If no synflood happens for a long enough period of time, then the
synflood timestamp isn't refreshed and jiffies can advance so much
that time_after32() can't accurately compare them any more.

Therefore, we can end up in a situation where time_after32(now,
last_overflow + HZ) returns false, just because these two values are
too far apart. In that case, the synflood timestamp isn't updated as
it should be, which can trick tcp_synq_no_recent_overflow() into
rejecting valid syncookies.

For example, let's consider the following scenario on a system
with HZ=1000:

  * The synflood timestamp is 0, either because that's the timestamp
    of the last synflood or, more commonly, because we're working with
    a freshly created socket.

  * We receive a new SYN, which triggers synflood protection. Let's say
    that this happens when jiffies == 2147484649 (that is,
    'synflood timestamp' + HZ + 2^31 + 1).
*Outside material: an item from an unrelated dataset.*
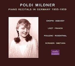 Her heritage is reflected in the repertoire that she recorded, Strauss transcriptions, Liszt and Chopin, and we can hear more of the latter on Meloclassic's excellent first Mildner release alongside Schubert and Debussy (Meloclassic MC1022). This new volume gives us a even broader picture of the pianist; there is more romantic repertoire including a couple of transcriptions and on the more serious side Franck's epic Prélude, Choral et Fugue as well as Debussy and relatively little known Poulenc. She opens with her speciality, a recital of virtuoso works recorded on 9th December, 1955 first playing two Chopin Waltzes that both display her velvety tone and poised sense of rhythm. Liszt's Rhapsodie espagnole is given a performance that Georges Cziffra would have been proud of with crisp articulation, glittering figuration and effortless virtuosity; even though the folies d'espagne starts at a fairly fast tempo she has no trouble with the complexities of its variations and the clarity in the triplet chordal runs is enviable. It says arr. by Rosenthal and as far as I can see this is restricted to one page where scale runs are replaced with octaves runs and a slightly thicker texture. She recorded Rosenthal's stunning and inventive Carnaval de Vienne commercially – it can be found on HT6603 mentioned above – and this live version has perhaps even more presence and verve. Perhaps this is as close to hearing how Rosenthal may have played it in his heyday as we are likely to get. More short dances follow, this time two of the four sparkling polkas by Smetana that make up book of his Czech dances. As is her want Mildner plays these rather fast and I am used to hearing the A minor at a more gentle pace. That said she is not wanting for poetry in either and these are thrilling and buoyant performances. I was delighted to see she had recorded the F major which has long been one of my favourites; was once a familiar encore item, having five recordings in the 1920s, two of them by Wilhelm Backhaus in his virtuoso days. Two etudes by Scriabin are impressive but seem almost restrained in comparison with frankly astonishing suggestion diablolique that closes this selection; I can't recall that I have ever heard this played so fast and diabolerie seeps from every note. The back cover contents list this as a Scriabin piece no.4 op.8 but I doubt pianophilies will be put off by this.

  * Then tcp_synq_overflow() doesn't update the synflood timestamp,
    because time_after32(2147484649, 1000) returns false.
    With:
      - 2147484649: the value of jiffies, aka. 'now'.
      - 1000: the value of 'last_overflow' + HZ.
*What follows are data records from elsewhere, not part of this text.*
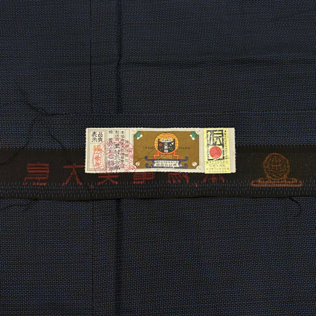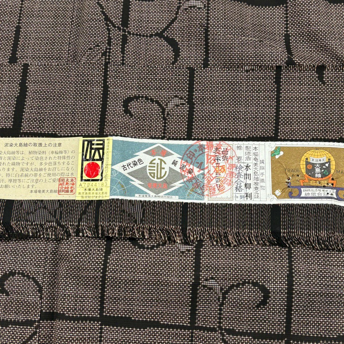 【美品】 大島紬 身丈156cm 裄丈61.5cm S 袷 証紙あり 幾何学模様 菱 純泥染 焦茶色 正絹 秀品
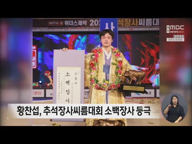 제주도청 소속 황찬섭이 소백장사에 등극했습니다. 황찬섭은 경남 고성군에서 열린 2024 추석장사 씨름대회 72킬로그램 이하 소백장사 결정전에서 창원시의 김성하를 3대 0으로 꺾고 생애 처음으로 장사 타이틀을 획득했습니다. 황찬섭은 올해 27살로 능인고와 경남대를 졸업했으며 올해 단오대회에서 태백 5위를 기록했...
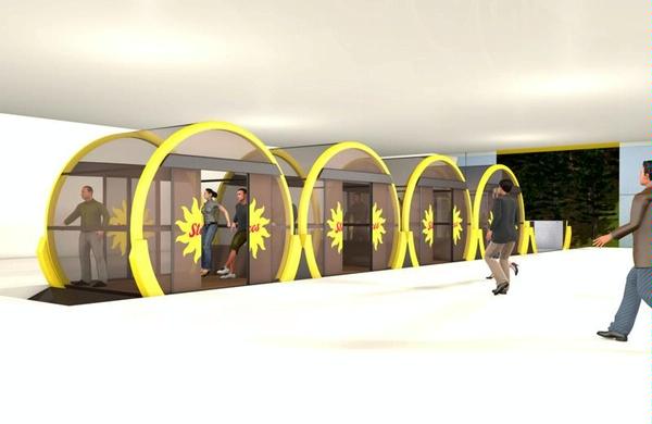 Tra le particolarità del progetto va segnalato il sistema di rotazione che, applicato alle carrozze, consentirà di viaggiare sempre in orizzontale.
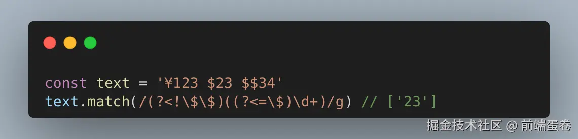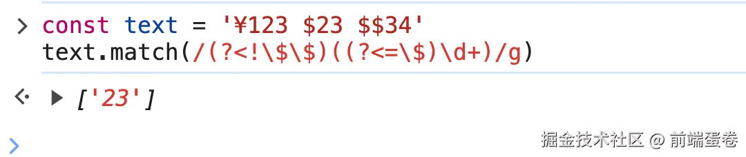 不过为了应用这个例子,我这里是故意这样处理的,实际上为了满足只匹配一个 $ 的金额数字的话,我们可以直接在上面的 正则加上 \s 即可, 即: /(?<=\s\$)\d+/g

  * A bit later, we receive the ACK completing the 3WHS. But
    cookie_v[46]_check() rejects it because tcp_synq_no_recent_overflow()
    says that we're not under synflood. That's because
    time_after32(2147484649, 120000) returns false.
    With:
      - 2147484649: the value of jiffies, aka. 'now'.
      - 120000: the value of 'last_overflow' + TCP_SYNCOOKIE_VALID.
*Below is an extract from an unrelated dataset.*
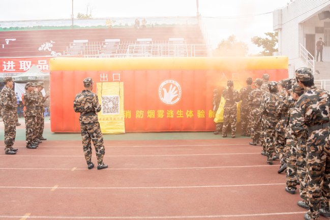 保卫处消防科有关同志为同学们讲解了火场逃生的技巧,组织同学们分组有序进入消防烟雾逃生体验舱,高质量完成了烟雾逃生体验。

    Of course, in reality jiffies would have increased a bit, but this
    condition will last for the next 119 seconds, which is far enough
    to accommodate for jiffie's growth.

Fix this by updating the overflow timestamp whenever jiffies isn't
within the [last_overflow, last_overflow + HZ] range. That shouldn't
have any performance impact since the update still happens at most once
per second.

Now we're guaranteed to have fresh timestamps while under synflood, so
tcp_synq_no_recent_overflow() can safely use it with time_after32() in
such situations.

Stale timestamps can still make tcp_synq_no_recent_overflow() return
the wrong verdict when not under synflood. This will be handled in the
next patch.

For 64 bits architectures, the problem was introduced with the
conversion of ->tw_ts_recent_stamp to 32 bits integer by commit
cca9bab1b72c ("tcp: use monotonic timestamps for PAWS").
The problem has always been there on 32 bits architectures.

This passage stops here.